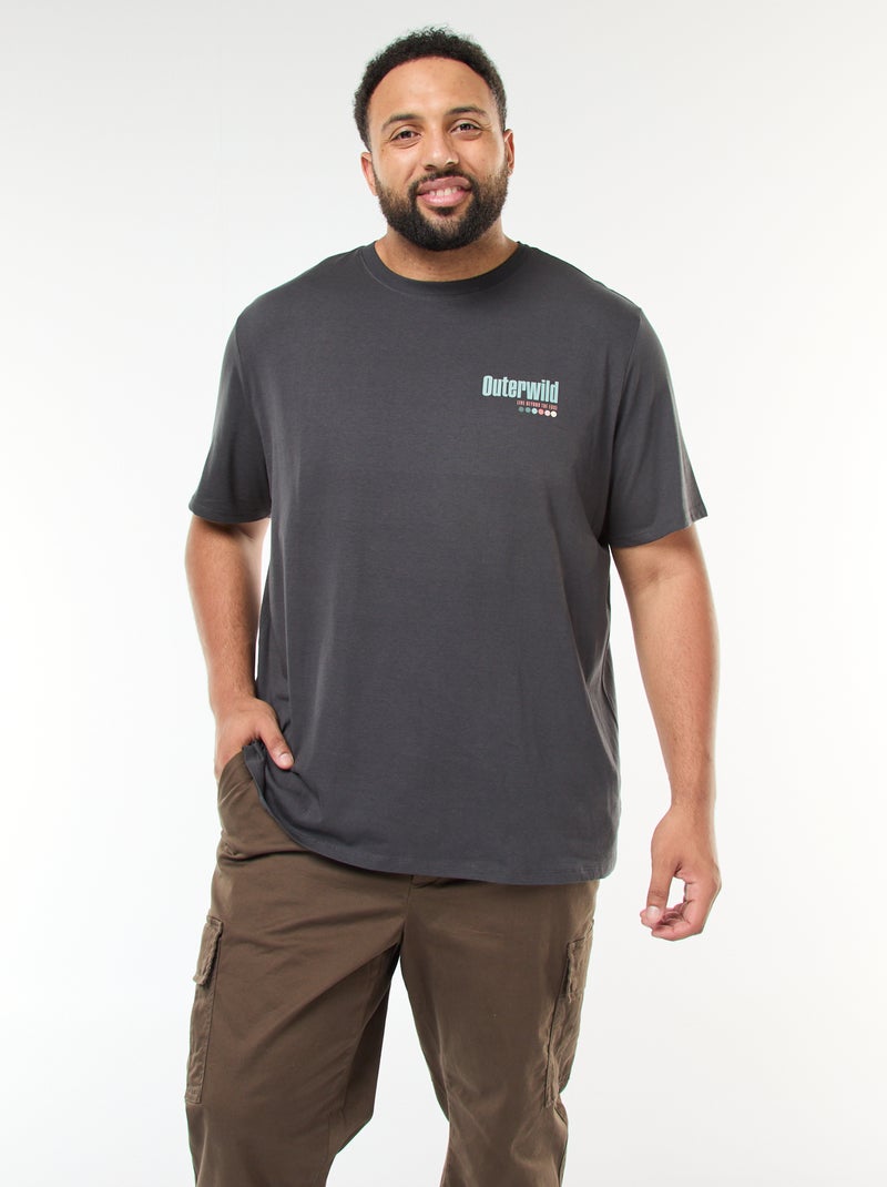 T-shirt stampata a maniche corte e collo rotondo - Grigio
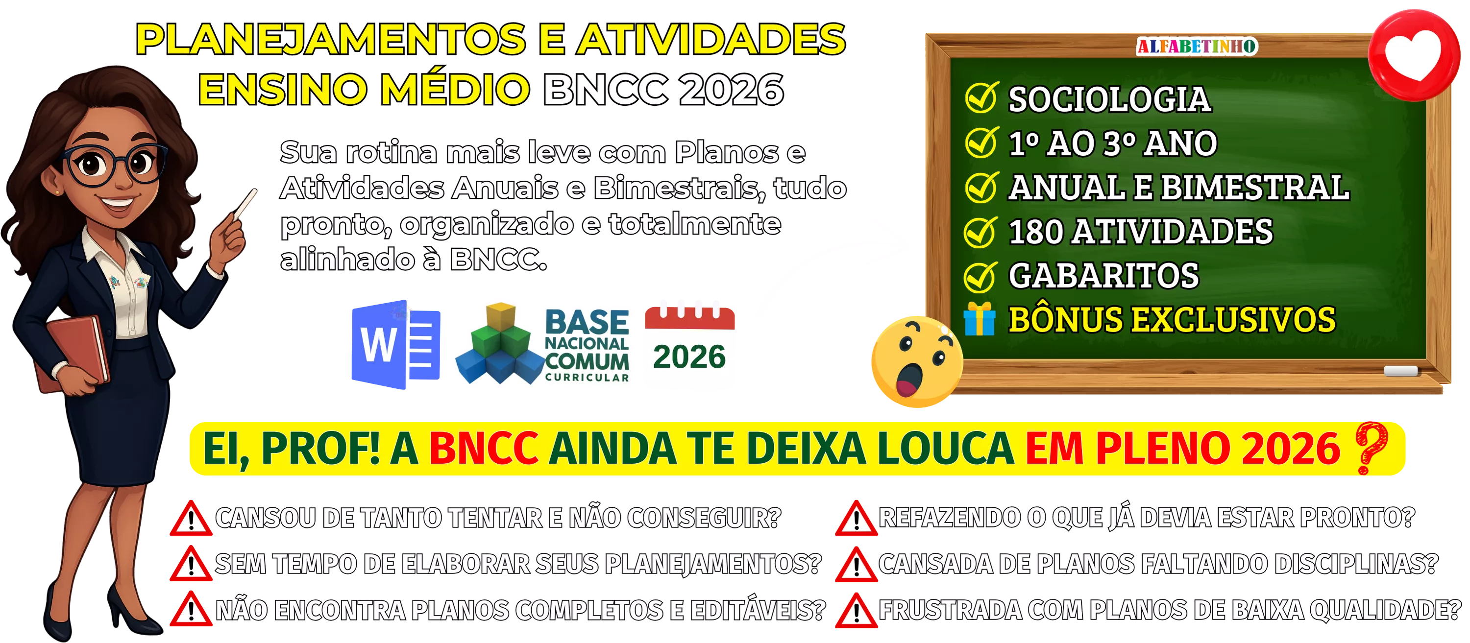 BNCC 2026, totalmente editáveis no Word e adaptáveis à sua realidade escolar. Praticidade, qualidade e inspiração para professores que amam ensinar!
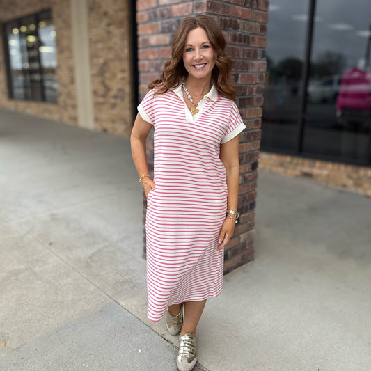 Charming Strip Midi Dress: 2 Colors
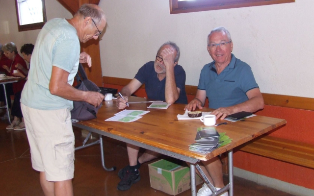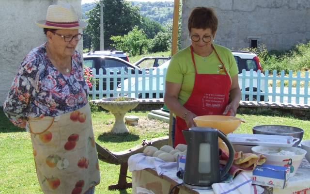 Dès l’aube ou presque, ce dimanche 12 juin, toute la centaine de bénévoles était à pied d’oeuvre pour accueillir après 2 tristes années covid, les participants de la 3° édition des “Fours en Marche”. Le soleil était là lui aussi, et bien vite les parkings se remplirent amenant au village quelques 1400 marcheurs qui se répandirent sur les 6 parcours. Ceux-ci agrémentés de 8 fours et de leurs mitrons accueillants proposaient tartes, fougasses, pizzas, brioches et pains variés à tartiner de confiture, etc… Tous ces visiteurs de nos beaux chemins sont revenus ravis de leurs découvertes et ne souhaitent plus que renouveler l’an prochain.
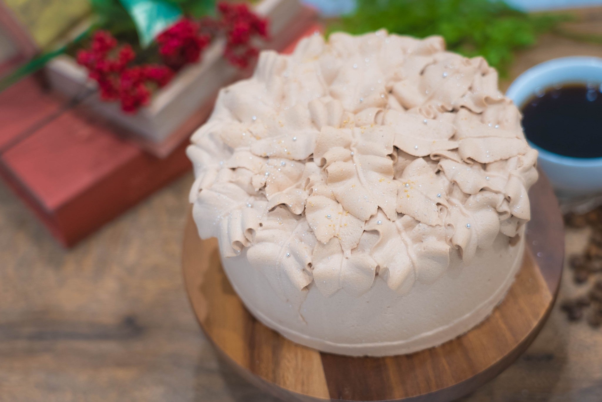 華やかで力強い風味のオーガニックカカオが香るシフォンを、2種類のクーベルチュールチョコレートをブレンドしたチョコレートクリームでデコレーション。
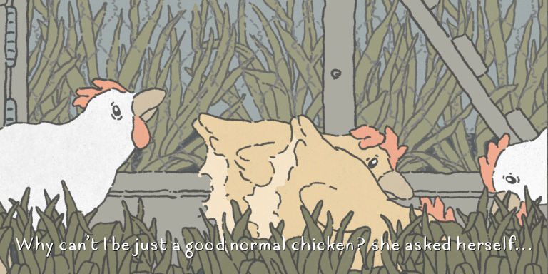 Wait….Pearl left or Blanche? Oh gosh..I’m stressed to read the rest of the book now 😉 Don’t you worry about anything. My kid likes the book anyhow. No matter what. She loves hearing about the chickens! And seeing your illustrations. I can always skip anything I think might upset her. She’s the kind of kid that not much upsets her . . . until it does. I’m never quite sure what might catch her off guard, but I’m lucky that not much seems to. She’s the kind of kid who can declare “That guy died. Oh well, that happens,” one day and the next day she’s crying about something else I never thought she’d cry about. It’s a crap shoot — this parenting thing. lol.
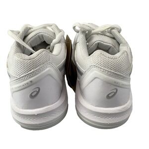 Keywords: ASICS GEL-DEDICATE 7, womens size 5.5, white silver tennis shoes, 1042A167, tag attached, synthetic leather, TRUSSTIC support, tennis performance, court shoes, lateral stability, wrap-up outsole, flexible construction, athletic shoes, tennis training, competitive tennis, sports footwear, locked-in fit, pickleball, pickleball shoes
════════
- **EXERCISE DIRECTIONS**: Output the whole listing again, exactly, without its pictures.

- **WRITTEN SOLUTION**:
 T-shirt stampata a maniche corte e collo rotondo - Grigio
 BNCC 2026, totalmente editáveis no Word e adaptáveis à sua realidade escolar. Praticidade, qualidade e inspiração para professores que amam ensinar!
 Charming Strip Midi Dress: 2 Colors
 Dès l’aube ou presque, ce dimanche 12 juin, toute la centaine de bénévoles était à pied d’oeuvre pour accueillir après 2 tristes années covid, les participants de la 3° édition des “Fours en Marche”. Le soleil était là lui aussi, et bien vite les parkings se remplirent amenant au village quelques 1400 marcheurs qui se répandirent sur les 6 parcours. Ceux-ci agrémentés de 8 fours et de leurs mitrons accueillants proposaient tartes, fougasses, pizzas, brioches et pains variés à tartiner de confiture, etc… Tous ces visiteurs de nos beaux chemins sont revenus ravis de leurs découvertes et ne souhaitent plus que renouveler l’an prochain.
 華やかで力強い風味のオーガニックカカオが香るシフォンを、2種類のクーベルチュールチョコレートをブレンドしたチョコレートクリームでデコレーション。
 Wait….Pearl left or Blanche? Oh gosh..I’m stressed to read the rest of the book now 😉 Don’t you worry about anything. My kid likes the book anyhow. No matter what. She loves hearing about the chickens! And seeing your illustrations. I can always skip anything I think might upset her. She’s the kind of kid that not much upsets her . . . until it does. I’m never quite sure what might catch her off guard, but I’m lucky that not much seems to. She’s the kind of kid who can declare “That guy died. Oh well, that happens,” one day and the next day she’s crying about something else I never thought she’d cry about. It’s a crap shoot — this parenting thing. lol.
 Keywords: ASICS GEL-DEDICATE 7, womens size 5.5, white silver tennis shoes, 1042A167, tag attached, synthetic leather, TRUSSTIC support, tennis performance, court shoes, lateral stability, wrap-up outsole, flexible construction, athletic shoes, tennis training, competitive tennis, sports footwear, locked-in fit, pickleball, pickleball shoes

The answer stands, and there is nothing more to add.